2. Deteksi patologi endometrium melalui (a) dilatasi dan kuretase dan (b)
histeroskopi. Wanita tua dengan gangguan menstruasi, wanita muda dengan
perdarahan tidak teratur atau wanita muda ( < 40 tahun ) yang gagal berespon
terhadap pengobatan harus menjalani sejumlah pemeriksaan endometrium.
Pada wanita yang memerlukan investigasi, histeroskopi lebih sensitif
dibandingkan dilatasi dan kuretase dalam mendeteksi abnormalitas
endometrium.
3. Laparoskopi : Laparoskopi bermanfaat pada wanita yang tidak berhasil dalam
uji coba terapeutik.
II.7 Pengobatan
14
Setelah menegakkan diagnosa dan setelah menyingkirkan berbagai
kemungkinan kelainan organ, teryata tidak ditemukan penyakit lainnya, maka
langkah selanjutnya adalah melakukan prinsip-prinsip pengobatan sebagai berikut:
1. Menghentikan perdarahan.
2. Memperbaiki keadaan umum
3. Pengaturan siklus haid
Langkah-langkah upaya menghentikan perdarahan adalah sebagai berikut:
Kuret (curettage).
O b a t (medikamentosa)
1. Golongan estrogen.
Estrogen dosis tinggi supaya kadarnya dalam darah meningkat dan perdarahan
berhenti. Dapat diberikan secara intramusculus dipropionas estradiol 2,5 mg
atau benzoas estradiol 1,5 mg atau valeras estradiol 20 mg. keberatan terapi ini
adalah setelah suntikan dihentikan, perdarahan timbul lagi.1
2. Golongan progesteron
Pertimbangan di sini ialah bahwa sebagian besar perdarahan fungsional bersifat
anovulatoar, sehingga pemberian obat progesteron mengimbangi pengaruh
estrogen terhadap endometrium. Dapat diberikan kaproas hidroksi-progesteron
125 mg secara intramuskulus, atau dapat diberikan per os sehari norethindrone
15 mg atau asetas medroksi-progesteron (Provera) 10 mg, yang dapat diulangi.

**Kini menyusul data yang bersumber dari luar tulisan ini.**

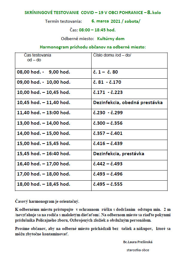 SK: Harmonogram testovania bude podľa súpisných čísel /viď pri ozname/.
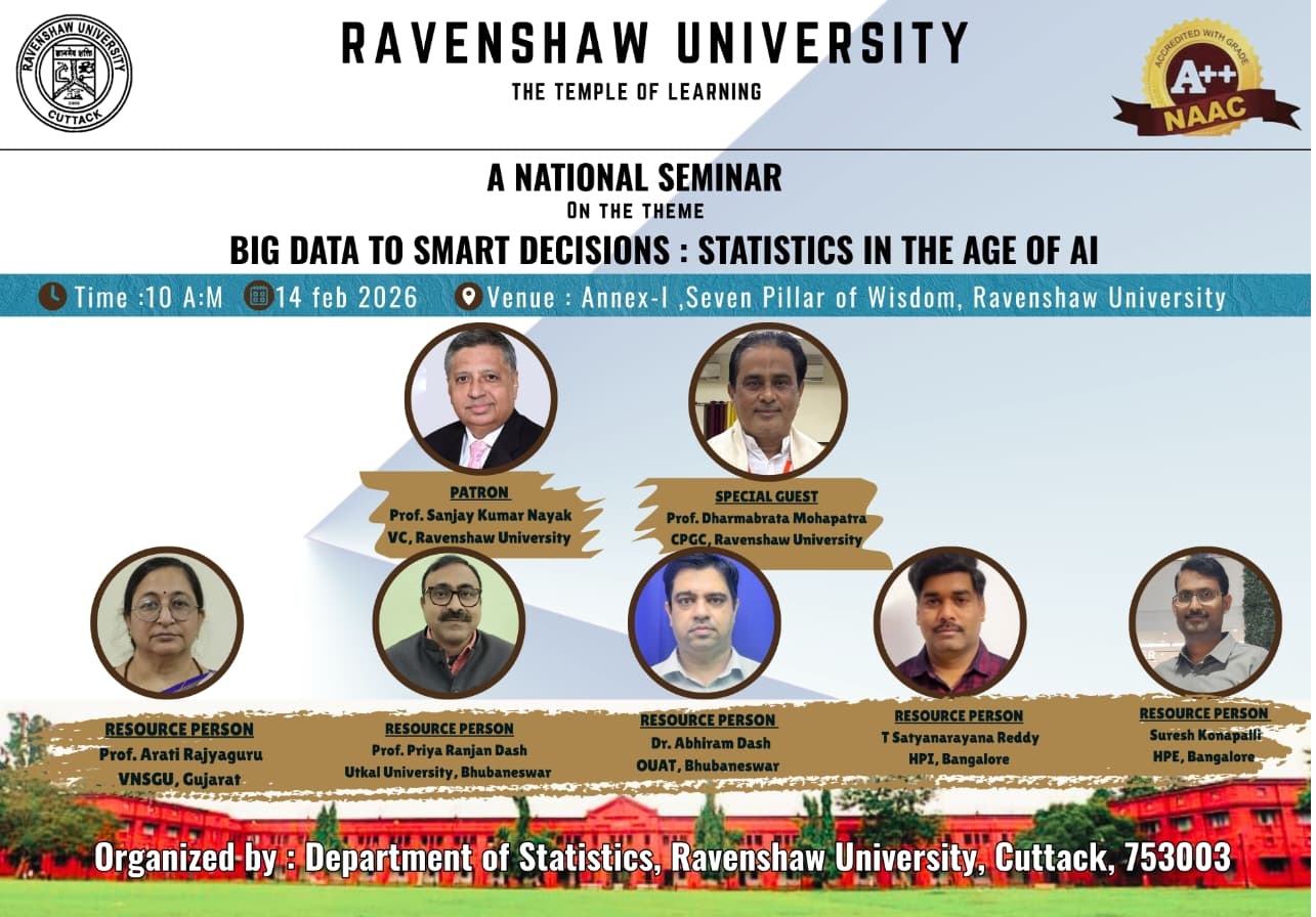 The Statistics department shares the vision of the institute of achieving excellence in teaching and research. The department was established in 1974. It has always striven to succeed in this endeavour. Over the years, it has evolved as one of the premier departments in the country providing excellent teaching and research in Statistics. In addition, research is also carried out in interdisciplinary areas of science and technology thereby contributing to the vibrant academic ambiance of Ravenshaw University, Cuttack. The department runs B.A./B.Sc. (Statistics Honours), B.A./B.Sc. B.Ed. (Statistics Honours), M.A./M.Sc., M. Phil. and Ph.D. Programmes. The current faculty (with a dedication to teaching, complement one another with diversified research interests in fields like operation research, inventory management, queuing theory, inference, sampling, Probability and Reliability Theory). The current faculty’s qualitative publications are a milestone in research that enhances the scope for further research in the department. The department has a well-versed curriculum framed according to the U.G.C. guidelines. Every year, students are selected to participate in summer internship and training programmes like MTTS, TPM, etc. to enrich their knowledge and problem-solving skills in the subject. Our students also qualify for tests like GATE, CSIR-UGC (NET) and are admitted into reputed National research institutes like NISER, IISER, IITs, NITs, ISM Dhanbad, etc. They also succeed in getting good job opportunities in the state and national levels, respectively. Established in 1974 as a part of Ravenshaw College and from 2006 as a regular department of Ravenshaw University, Department of Statistics has sanctioned teaching position of seven. The Department offers B.A. and B.Sc. in Statistics Honours, and M.Sc. in Statistics.

Terapi ini berguna pada wanita dalam masa pubertas.1
3. Dapat pula diberikan terapi kombinasi estrogen-progesteron, untuk keperluan
ini pil-pil kontrasepsi dapat digunakan. Terapi ini dapat dilakukan mulai hari
ke-5 perdarahan terus untuk 21 jari. Dapat pula diberikan progesterone untuk 7
hari, mulai hari ke-21 siklus haid.1
Setelah perdarahan berhenti, langkah selanjutnya adalah pengobatan untuk
mengatur siklus menstruasi, misalnya dengan pemberian: Golongan progesteron:
2×1 tablet diminum selama 10 hari. Minum obat dimulai pada hari ke 14-15
menstruasi.
Sebagai tindakan yang terakhir pada wanita dengan perdarahan uterus
disfungsional terus-menerus (walaupun sudah dilakukan kerokan beberapa kali,
dan yang sudah mempunyai anak cukup) ialah histerektomi.